Scintillation performance was gauged using four key metrics. Scintillation emission spectra or, rather, radioluminescence spectra were recorded using x-ray irradiation. Total light yield was estimated through pulse height comparison with bismuth germanate (BGO) scintillators. Scintillation kinetics were checked by measuring single interaction pulses directly output by a fast response PMT. Finally, light yield proportionality was measured using a Compton coincidence system.
Samples from each ingot were harvested to benchmark their performance with the four metrics. Of the eight dopants explored, only BaBr[subscript]2 and PbBr[subscript]2 clearly altered scintillation spectral emission characteristics significantly. The remaining dopants, CaBr[subscript]2, SrBr[subscript]2, ZrBr[subscript]4, HfBr[subscript]4, CdBr[subscript]2 and ZnBr[subscript]2, altered scintillation performance to a lesser degree. No dopant appeared to affect light yield proportionality, nor did any drastically alter the light decay characteristics of CeBr[subscript]3. HfBr[subscript]4 and ZnBr[subscript]2-doped CeBr[subscript]3 exhibited the highest light yields, significantly higher than the undoped CeBr[subscript]3 samples tested.

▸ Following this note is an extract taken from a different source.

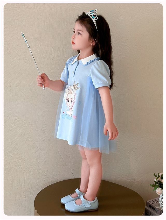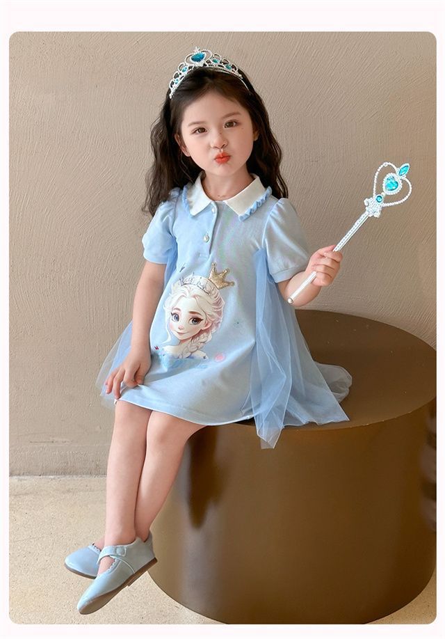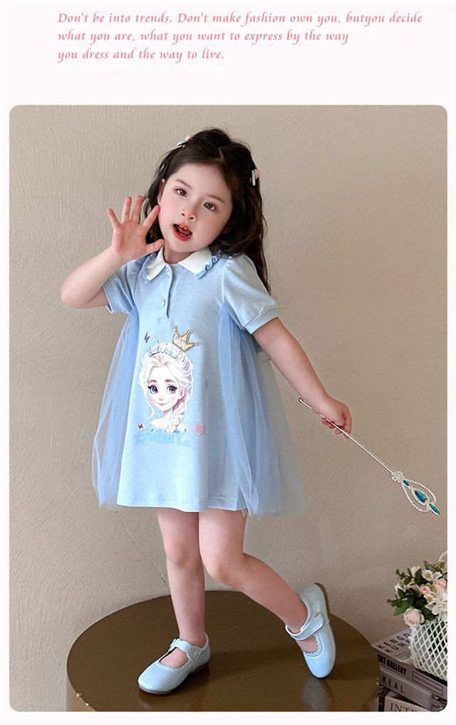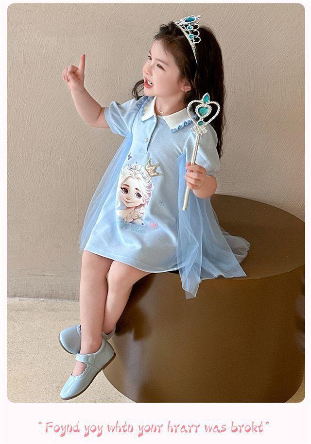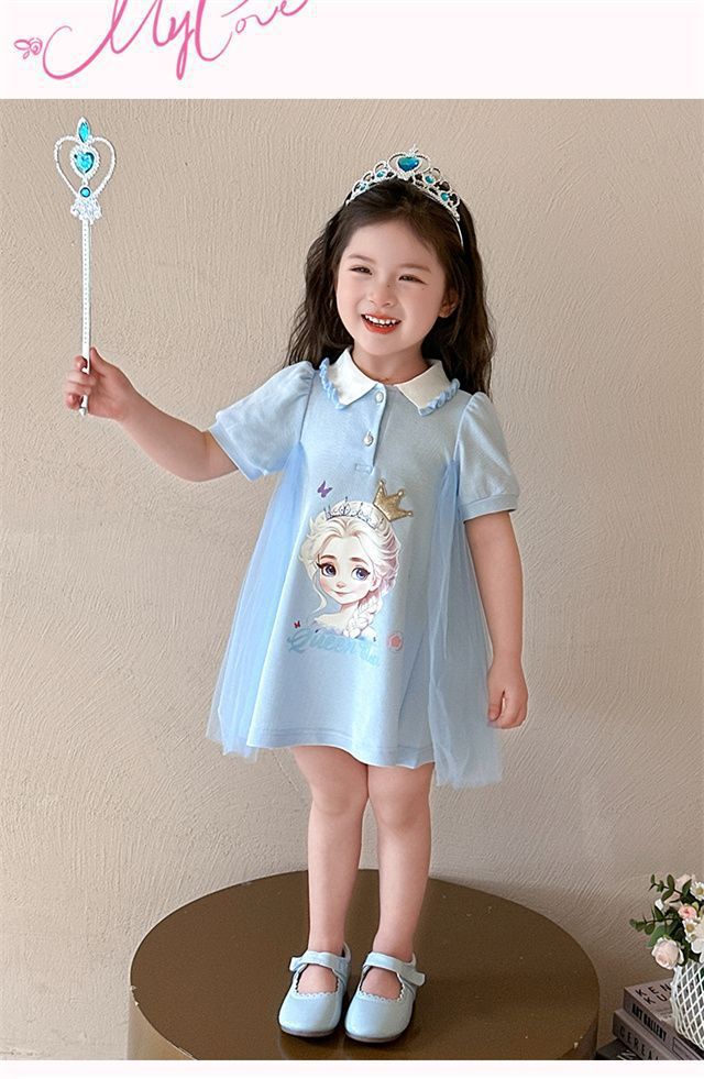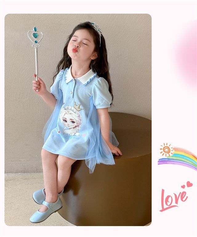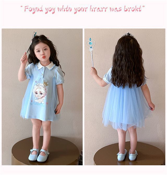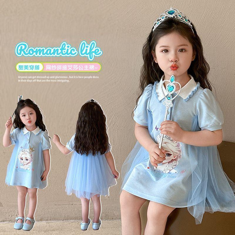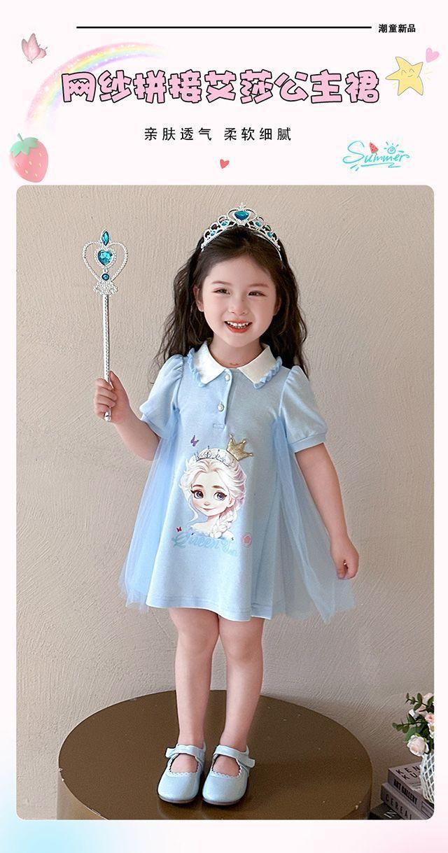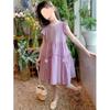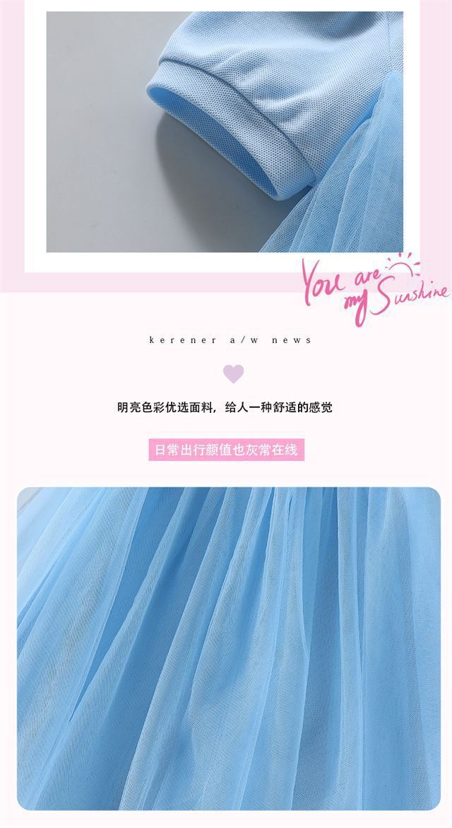 Celebrante de Internet Niñas Estilo Coreano Estilo Extranjero Vestido de Manga Corta Aisha Vestido de Princesa de Malla con Costuras de Moda de Verano para Niños Trendy

Finally, aliovalent doping appeared to greatly improve CeBr[subscript]3 ingot yields, regardless of the dopant, thus it is a promising method for improving crystal strength while not deleteriously affecting scintillation performance. HfBr[subscript]4 and ZnBr[subscript]2 both demonstrated high performance without any noticeable negative side-effects and are prime candidates for future study.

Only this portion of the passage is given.